In the bathroom at the back of the house, standing at the basin in pyjama trousers, his face wet with shaving cream, Johnny Donoghue heard the beat of the knocker on the front door. Not Mrs Davies from next door because she'd know that his mother was at the shops, and she never came before eleven to share a pot of tea. Not the milk bill, not the paper bill because they came with the delivery. Who would come that early to Cherry Road? Not the meter reader, not on a Saturday morning. He cursed and scraped on with the plastic handled razor. Another knock.

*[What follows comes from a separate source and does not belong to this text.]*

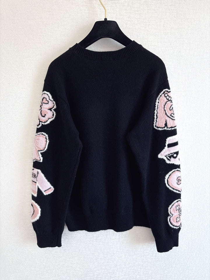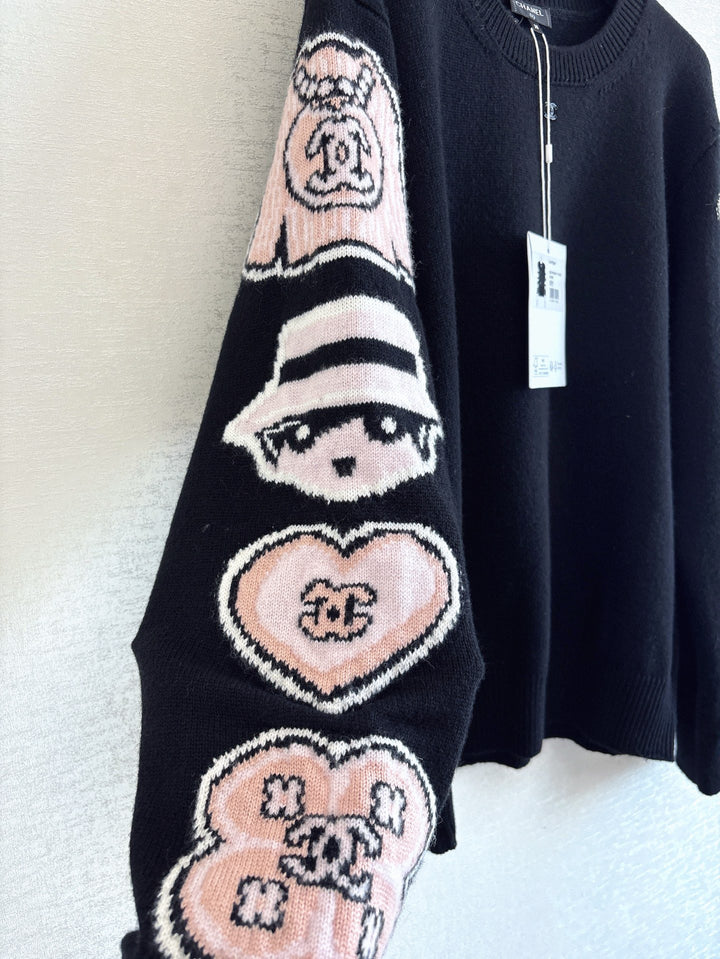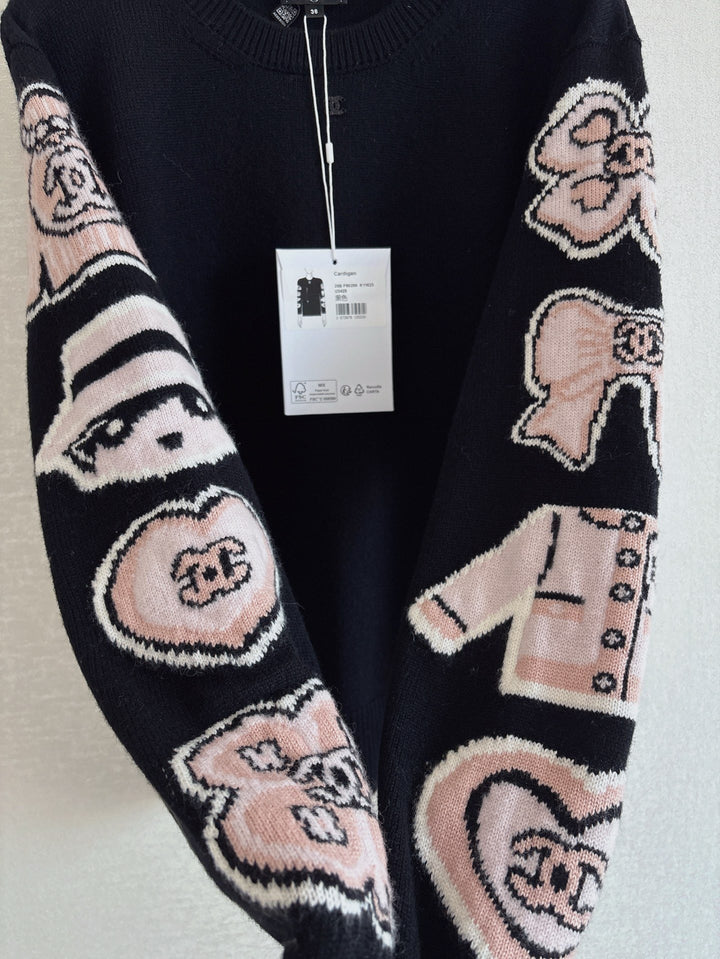 Gleichzeitig veröffentlicht, exklusive, originelle Eins-zu-eins-Anpassung, 𝚓暴𝚗𝚗𝚒暴 Cartoon-Puppe, Kaschmir, Rundhalsausschnitt, lange Ärmel ➕ große 𝚅-Strickjacke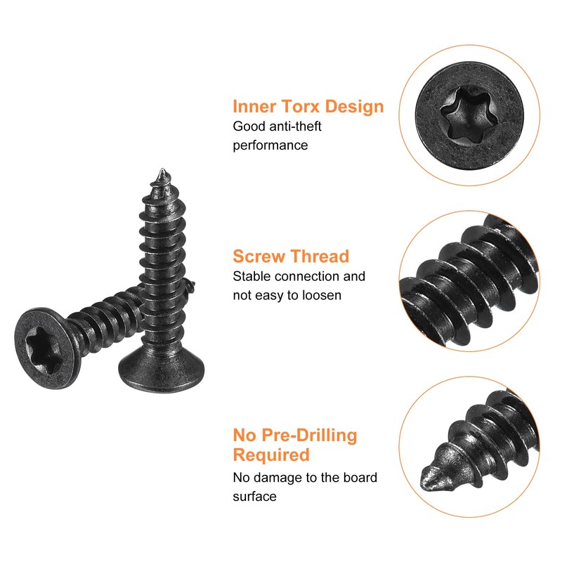 - Torx Drive Bit Size: T15; Head Style: Flat Countersunk; Thread Size: #6 x 3/4-inch (D*L) (Including the Head Height); Package Content: 150Pcs x Flat Head Torx Screws, Please choose the appropriate size according to your specific needs.

His mother always left the front sitting room window ajar, so they'd know there was someone in the house. And he'd left the curtains drawn.

He sluiced the soap off his face. A fine sight he'd look, dark hair and therefore a dark beard and half of it scratched off and the other cheek set with bristles and alive. He pulled his dressing gown off the hook on the back of the door, slipped it on and tied the belt.

'Coming,'Johnny shouted.

There was an answering note. A high, clean call of thanks. No hurry.

A voice of the middle class, of the south. Johnny paused a moment on the stair in indecision, and then opened the front door. The morning light struck him and he blinked. The two men were in shadow, their features indistinct.